---- RECORDS

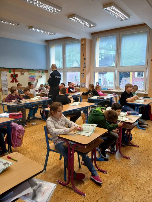 Ve třetích třídách děti absolvovaly besedu s PČR zaměřenou na bezpečnost v dopravě. Nyní je čeká práce s Ajaxovo zápisníkem. Součástí besedy byl i blok zaměřený na právní důsledky chování jednotlivců. Děkujeme panu Holkovi.
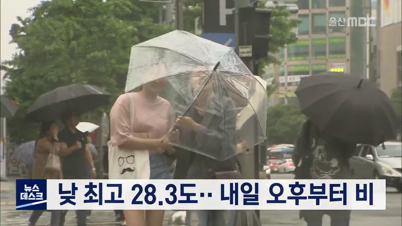 오늘(7/26) 울산지방은 구름 많은 날씨 속에 낮 최고 기온이 어제보다 3도 높은 28.3도를 기록했습니다. 내일은 오후부터 비가 내리기 시작해 모레 밤까지 50에서 많게는 150mm의 많은 비가 오겠으며,21에서 26도의 평년보다 낮은 기온 분포가 예상됩니다. 울산기상대는 내일부터 모레까지 초속 4에서 10m의 강한 바람이 ...
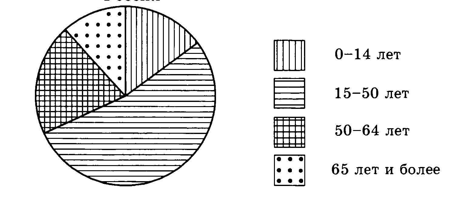 на диаграме показан возрастной состав населения России определите по диаграмме в каких пределах находится доля населения до 14 лет
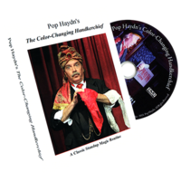 Pop Haydn's presentation of The Color-Changing Handkerchief. This routine is designed for 24" silks, and is a practical, real world piece that packs small and plays big. It literally works out of the pocket and makes an excellent emcee bit, or a nice in front of curtain piece for an illusionist. It can be done silently, or can be a featured routine for a talking standup magician. It works for young folk and adults. It is a fooler, and the patter is sophisticated and entertaining. It plays big on any stage.
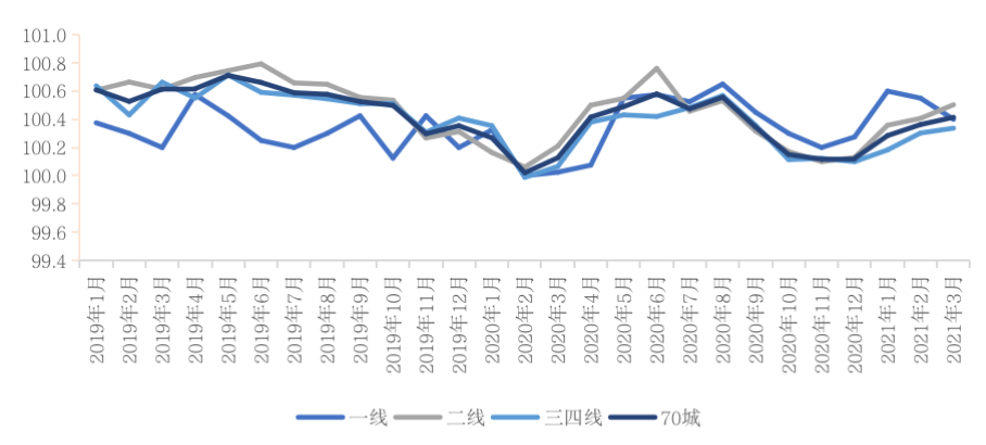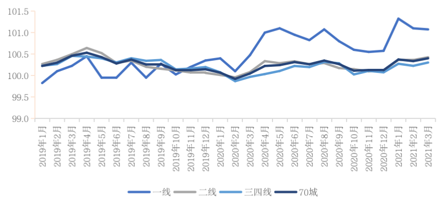 圖:2019年1月-2021年3月70城及各能級城市新建商品住宅價格指數環(huán)比走勢
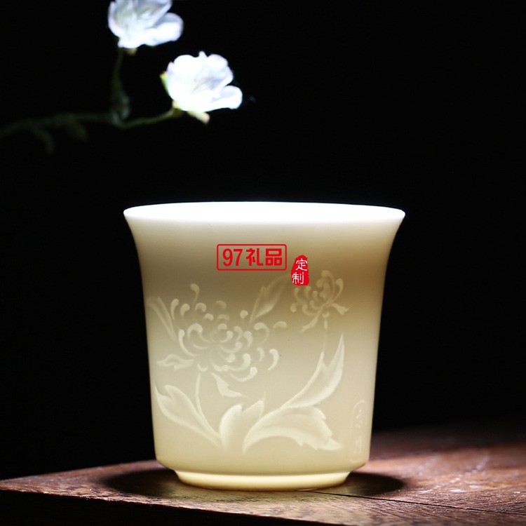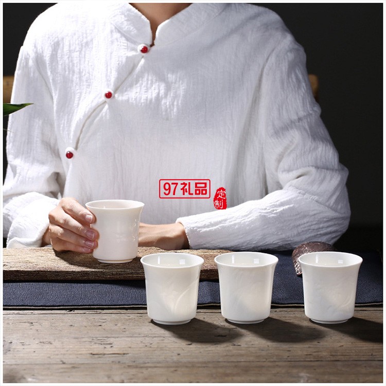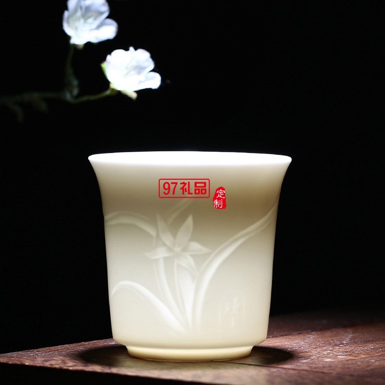 白瓷品茗杯梅蘭竹菊陶瓷茶杯主人杯大號單杯
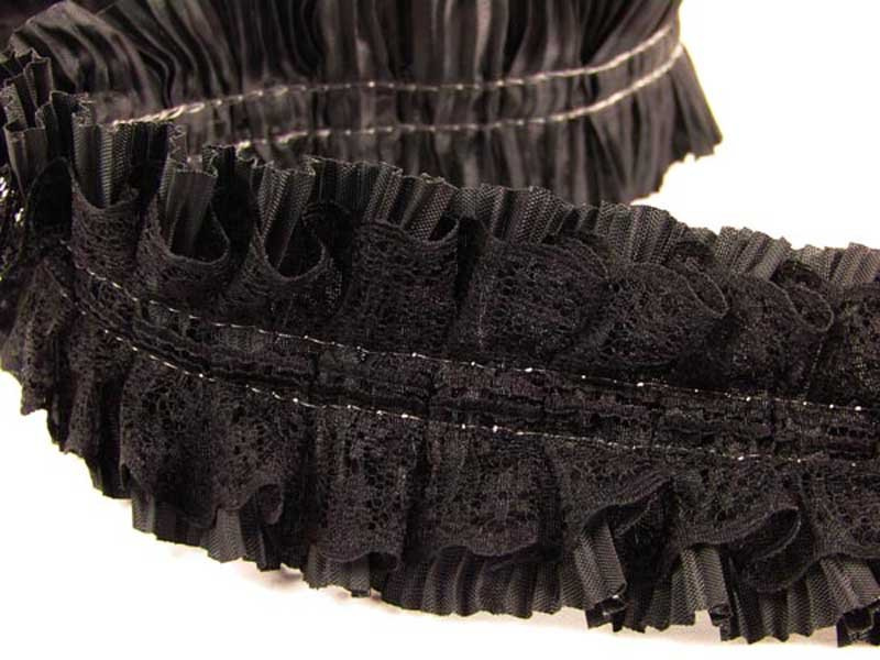 Taśma o szerokości 5cm z plisowaną tkaniną i marszczoną koronką w tym samym kolorze.
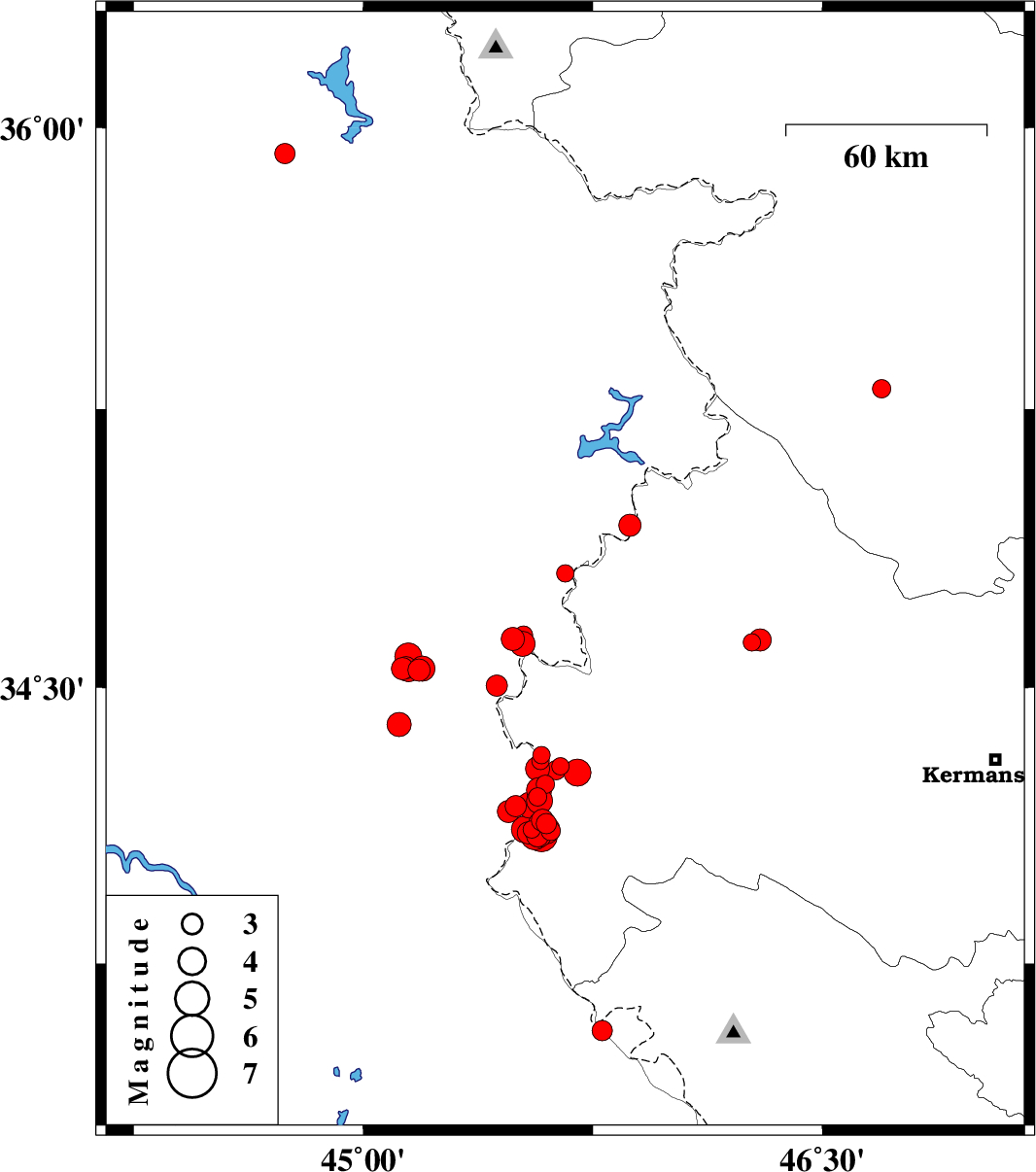 | 2019/01/21 | 18:22:04.2 | 21:52:04.2 | 34.111 | 45.56 | 14 | ML2.9 | Kermanshah Province, 33 km -West of Gilan-E-Gharb | ||
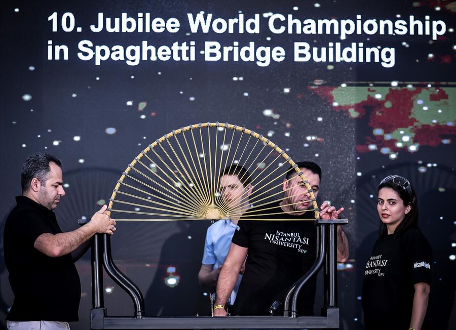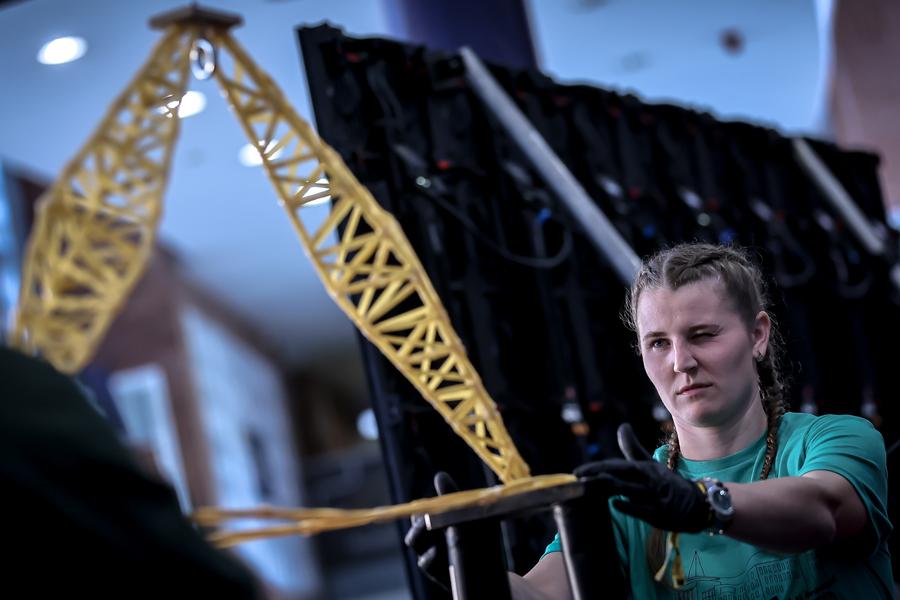 A contestant places a spaghetti bridge on the instrument used to test its load-bearing capacity at the 10th Jubilee World Championship in Spaghetti Bridge Building, held at Obuda University in Budapest, Hungary on May 29, 2025. (Photo by David Balogh/Xinhua)Contestants place a spaghetti bridge on the instrument used to test its load-bearing capacity at the 10th Jubilee World Championship in Spaghetti Bridge Building, held at Obuda University in Budapest, Hungary on May 29, 2025. (Photo by David Balogh/Xinhua)A contestant shows a spaghetti bridge at the 10th Jubilee World Championship in Spaghetti Bridge Building, held at Obuda University in Budapest, Hungary on May 29, 2025. (Photo by David Balogh/Xinhua)A spaghetti bridge is seen collapsed during a load-bearing capacity test at the 10th Jubilee World Championship in Spaghetti Bridge Building, held at Obuda University in Budapest, Hungary on May 29, 2025. (Photo by David Balogh/Xinhua)A contestant prepares to test the load-bearing capacity of a spaghetti bridge at the 10th Jubilee World Championship in Spaghetti Bridge Building, held at Obuda University in Budapest, Hungary on May 29, 2025. (Photo by David Balogh/Xinhua) ■
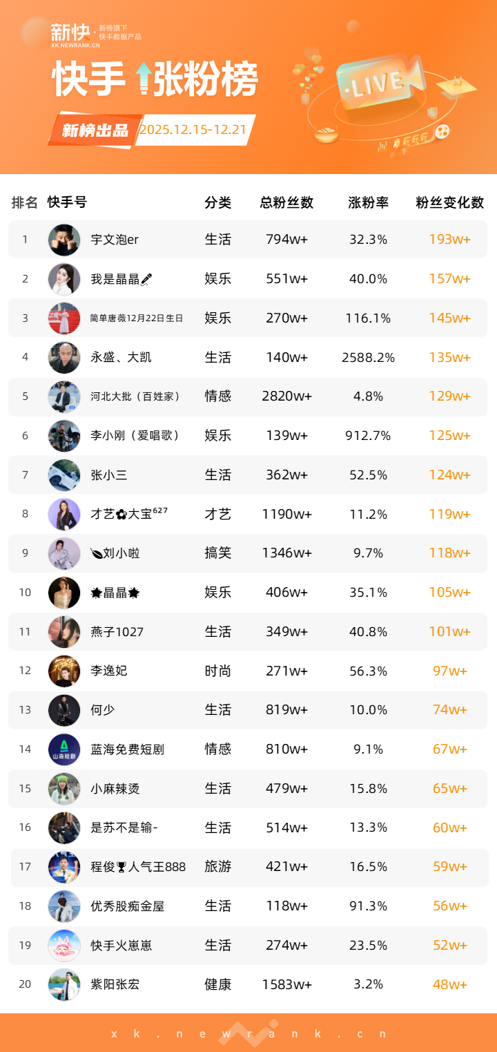 依托新榜旗下快手数据工具“新快”,新榜推出「快手涨粉榜」,本次统计周期为2025年12月15日到2025年12月21日。
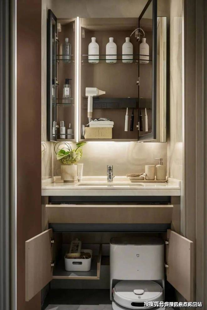 卫生间镜柜与预留洗地机位的台下柜,方便清洁用品的收纳,创造独立的家政清洁收纳空间。内嵌LED灯带的防雾镜柜,方便沐浴后的护理与美肤。
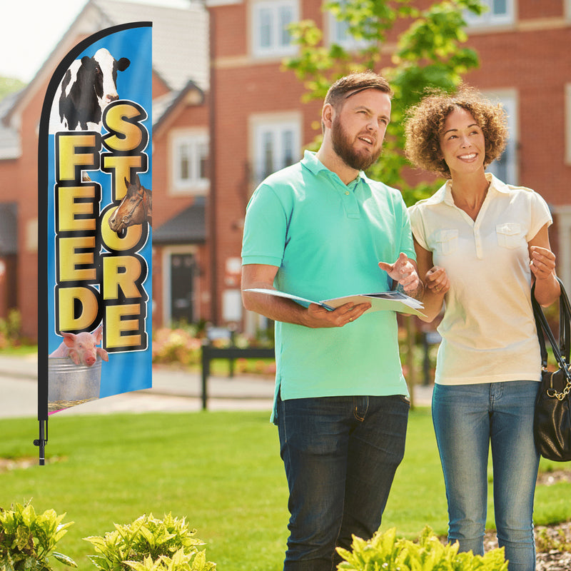 8Ft Feed Store Feather Flag with Pole & Stake

--------

> _TASK PROMPT_
Please copy the lines above exactly, starting at the line that holds "Pop Haydn's presentation" and ending at the line that holds "Gilan-E-Gharb | ||"; include both, but no pictures.

> _ANSWER TO THE EXERCISE_
 Pop Haydn's presentation of The Color-Changing Handkerchief. This routine is designed for 24" silks, and is a practical, real world piece that packs small and plays big. It literally works out of the pocket and makes an excellent emcee bit, or a nice in front of curtain piece for an illusionist. It can be done silently, or can be a featured routine for a talking standup magician. It works for young folk and adults. It is a fooler, and the patter is sophisticated and entertaining. It plays big on any stage.
 圖:2019年1月-2021年3月70城及各能級城市新建商品住宅價格指數環(huán)比走勢
 白瓷品茗杯梅蘭竹菊陶瓷茶杯主人杯大號單杯
 Taśma o szerokości 5cm z plisowaną tkaniną i marszczoną koronką w tym samym kolorze.
 | 2019/01/21 | 18:22:04.2 | 21:52:04.2 | 34.111 | 45.56 | 14 | ML2.9 | Kermanshah Province, 33 km -West of Gilan-E-Gharb | ||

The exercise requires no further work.